La otra derrotada por el ascenso de los evangélicos es la democracia cristiana que, ciertamente, nunca ha tenido la fuerza formal en España de la que ha gozado en otras naciones europeas, pero que sí ha representado una influencia informal, además de corrientes de pensamiento relevantes, dentro de formaciones de derechas, como el PP y los nacionalismos periféricos. En general, la democracia cristiana ha jugado un papel fundamental en el desarrollo del modelo de vida europeo, tanto desde el punto de vista socioeconómico (pues la democracia cristiana fue la madre del Estado de bienestar en la Europa de posguerra) como político (pues cristianodemócratas fueron prácticamente todos los padres del proyecto original de la Unión Europea). Y el mensaje central de la democracia cristiana está en las antípodas de las prescripciones de los evangélicos contemporáneos. Sólo hace falta ver la moralidad de los políticos más apegados a esos movimientos, como Trump o Bolsonaro.

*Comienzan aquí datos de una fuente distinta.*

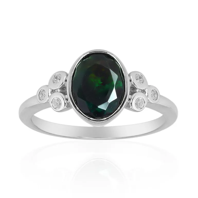 Entdecken Sie die bezaubernde Schönheit dieses Mezezo-Opalrings mit einem fesselnden ovalen Opal aus Äthiopien von 0,777 ct. Umgeben von sechs funkelnden Zirkonsteinen aus Kambodscha, strahlt dieses Schmuckstück Eleganz aus. Das platinierte 925er Sterlingsilber sorgt für ein edles Finish. Er eignet sich sowohl für den Alltag als auch für besondere Anlässe und kann mit einem eleganten Abendkleid oder einem schicken Freizeitoutfit kombiniert werden, um einen Hauch von Luxus zu vermitteln.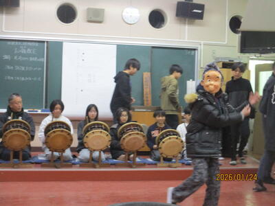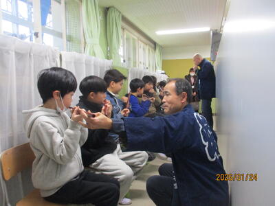 5年生は、尾崎はやし保存会の皆様にお囃子について教えていただきました。お囃子を途切れさせることなく続けることが肝要だと教わり、45分間、目いっぱい体験することができました。はじめは揃わなかったリズムもずいぶん調子よく揃いだした頃には、ひょっとこやおかめも踊りだし、楽しい祭りの情景が浮かびました。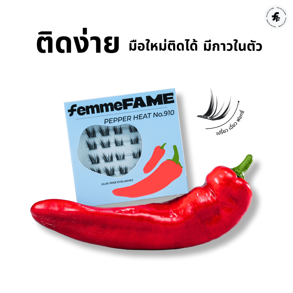 [ร้านไทย] FemmeFame ขนตาปลอมมีกาวในตัว รุ่น Pepper Heat No.910 พริกแดง - แถมแหนบคีบทุกกล่อง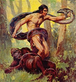 Yet, here in Lord, Tarzan remains loyal to the brute over man. The situation is so strange that one is inclined to read it in a symbolic way rather than just assuming it another example of Burroughs' pulp fiction extravagance. Just as the gorilla has escaped the bullet of a rifle, it is attacked by a snake. When Tarzan appears on this scene "he saw the huge brute beset by two of the natural enemies of both the Mangani and the Bolgani, there flared within his breast a sudden loyalty that burned away the personal prejudices of a lifetime."

«La democracia cristiana promocionaba la autocontención frente a los impulsos egoístas y, por ende, la necesidad de poner límites morales al capitalismo salvaje»

Pero, más allá de comportamientos individuales, la democracia cristiana promocionaba la autocontención frente a los impulsos egoístas y, por ende, la necesidad de poner límites morales al capitalismo salvaje. Y, al contrario, los evangélicos son más tolerantes con el enriquecimiento ilimitado. Su dogma, al menos el de muchos pastores, intenta reconciliar al dinero con Dios, descargando de culpas a quienes acumulan inmensas riquezas. Traicionan así una de las enseñanzas esenciales de Jesús, según el evangelio de Mateo: «Nadie puede servir a dos señores, porque aborrecerá a uno y amará al otro, o bien se entregará a uno y despreciará al otro. No podéis servir a Dios y al Dinero» (6:24). Pero, claramente, les surte efecto.

No es casual, por tanto, que la gradual aquiescencia de la derecha, en prácticamente todo el mundo democrático, con la desigualdad económica y la persistente insistencia en bajar los impuestos haya coincidido en el tiempo con la subida de este cristianismo evangélico frente al tradicional, tanto católico como protestante. 

El PP, como el resto de partidos conservadores europeos, debería reflexionar profundamente sobre estas tendencias, porque son temas que tocan a la médula de su sistema ideológico. Los dirigentes populares no necesitan la rápida bendición pública de un pastor, sino la lenta discusión privada con un confesor.